Pedagogical Intervention 1: Microblogging: Being a Twitterdactyl in the 21st Century Classroom

Twitter is currently a staple of my 300-level Dramatic Imagination literature course. The following is extracted from my syllabus:

Breakdown of Grading Criteria

Weekly Responses (10 x 15 points each) 150 points

Each week will be dedicated to a single dramatic work. We will be constructing multi-media responses outside of class that will cushion our classroom discussions. Weekly responses will be evaluated in two ways:
1. Class Twitter Posts [5 points]
–For each act per play we read, you must post at least two class tweets per act. When we utilize Twitter as a classroom tool, please remember to always #UPJDRAMAGINE311 and what #Act (#scene and #line, when applicable) so that our class is able to easily locate posts and that I am able to document your participation.
–Please get into the habit of collaborating with your fellow students. Our learning community is one that extends beyond the boundaries of the classroom, itself. Note: If you have your Twitter account set to private, we will not be able to see your class tweets.

Twitter Value

It is already relevant to students’ lives. We talk about utilizing programs that are generic and temporary within the university system. While social media also occupies a temporal space, (i.e. MySpace) at least this space is always occupied. Twitter is something that students are currently (and constantly) using outside of the classroom. This is an easy and effective tool to bridge the gap between classroom-dorm-room contexts.

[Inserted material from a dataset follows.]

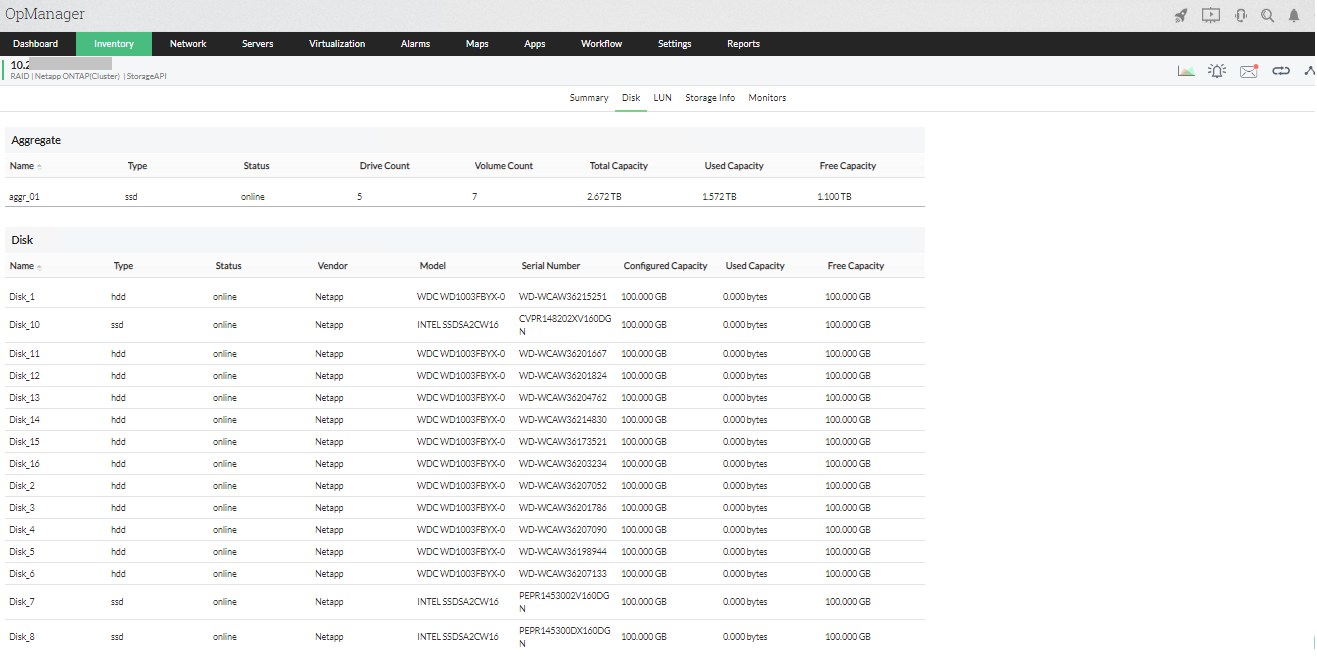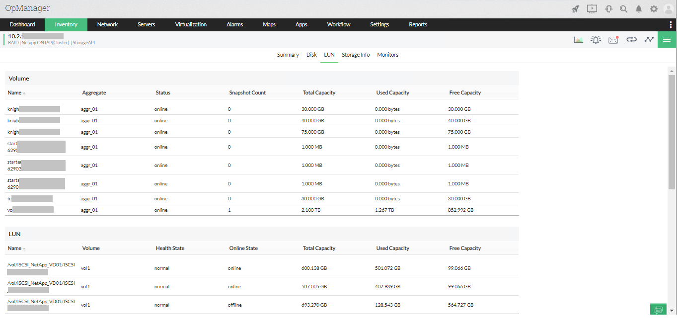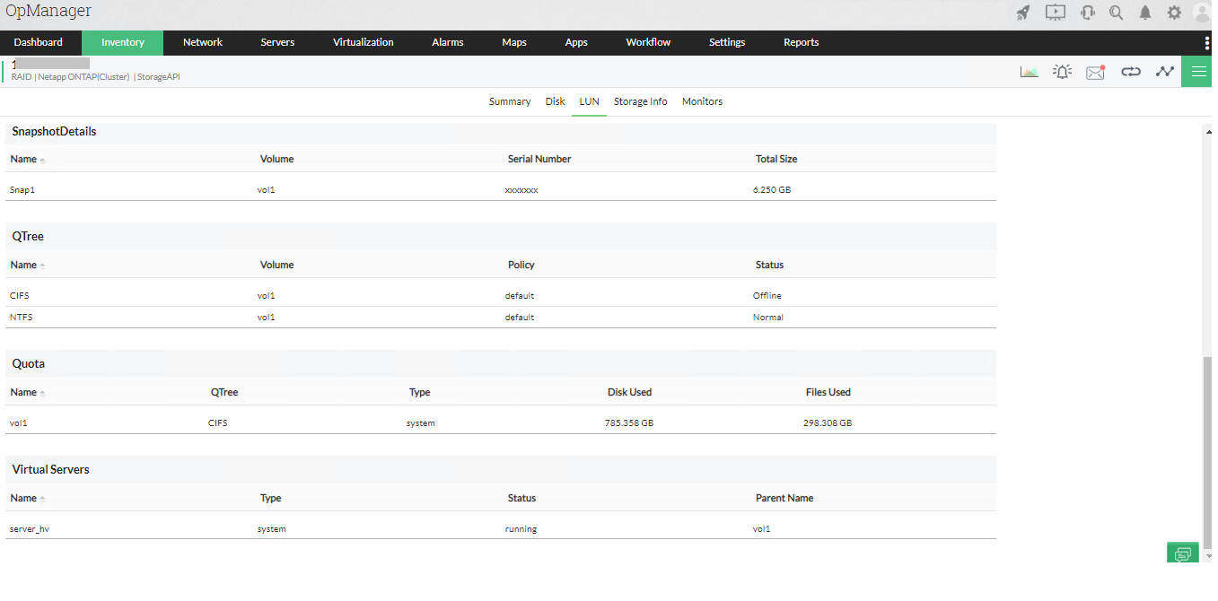 Avec l’analyse NetApp d'OpManager, explorez même les plus petites entités de données de vos appliances NetApp. OpManager a des modèles de périphériques intégrés qui vous permettent de tout surveiller, des clusters, agrégats et volumes aux numéros d'unité logique (LUN) et qtrees, ce qui le rend en fait un outil d’analyse du stockage NetApp efficace pour votre réseau. OpManager vous permet d’analyser l'utilisation et la capacité de tous les segments de votre stockage NetApp pour obtenir des prévisions de capacité de stockage optimales.

The 140-character blog value

Advantages:

  • There are definite pedagogical values to this micro-composition. Molds critical thinking + critical composition with form + content + creativity. Articulating our thoughts into meaningful communication: challenging, forces us out of passive voice, into direct modes of communication (think how difficult one-page teaching philosophy is; try fitting a DQ into a tweet. It is tough. Trust me.)

Disadvantages:

  • 140-characters is not an effective way to ensure comprehension of active engagement with the material

How to counter disadvantages:

  • Provide specific guidelines for the types of Tweets that you expect with a minimum quota. See my guidelines for the Dramaginator Twitter requirements:

Dramaginator Tweet Log
 _____/3 At least 1 general discussion question per Act
 _____/3 At least 1 discussion question per Act that includes theory or other elements of drama/dramatism
 _____/2 At least 2 discussion questions/comments that relate to the assigned secondary source for the play
 _____/2 At least 2 comments in relation to the course theme of struggle/conflict
 _____/1 Link to the secondary source of which you are presenting on (scholarly article, biographical piece/website, website of the author, history of the play’s production, or other source pertaining to the text that aids our collective understanding of the text and/or brings a new perspective of the events or histories that we are examining)
 _____/1 Link to YouTube (or other) video of either your favorite recorded performance or of your favorite/most important lines of the play. Must note which Act, scene, lines
 _____/1 Photograph, meme, illustration, painting, or other visualization that encompasses the crux of the struggle of the drama
 _____/3 Respond to at least 3-4 tweets of others

  • Implement a more cohesive response assignment. For me, weekly discussion board responses that are student-generated questions:

2. Discussion Board Summative Response [15 points]
 In addition to our class Twitter posts, we will also be constructing individual summative responses each week, due every Friday by 11AM. Some Friday exceptions apply, so be sure to note the “Reminders” throughout the syllabus where this is applicable. You will post your response in two ways:
i. Copy & paste into the Discussion Board forum assigned for that play.
ii. Attach a Word document with the same response.
 In these online posts, you will choose a question or focal point to address. You will have a variety of options, based on forums that the Dramaginator of the week creates for our class. You must identify which option you will be writing to in your response.
 These responses will be 250-500 words per post and must include applied and recognized terms and theories of drama/dramatism.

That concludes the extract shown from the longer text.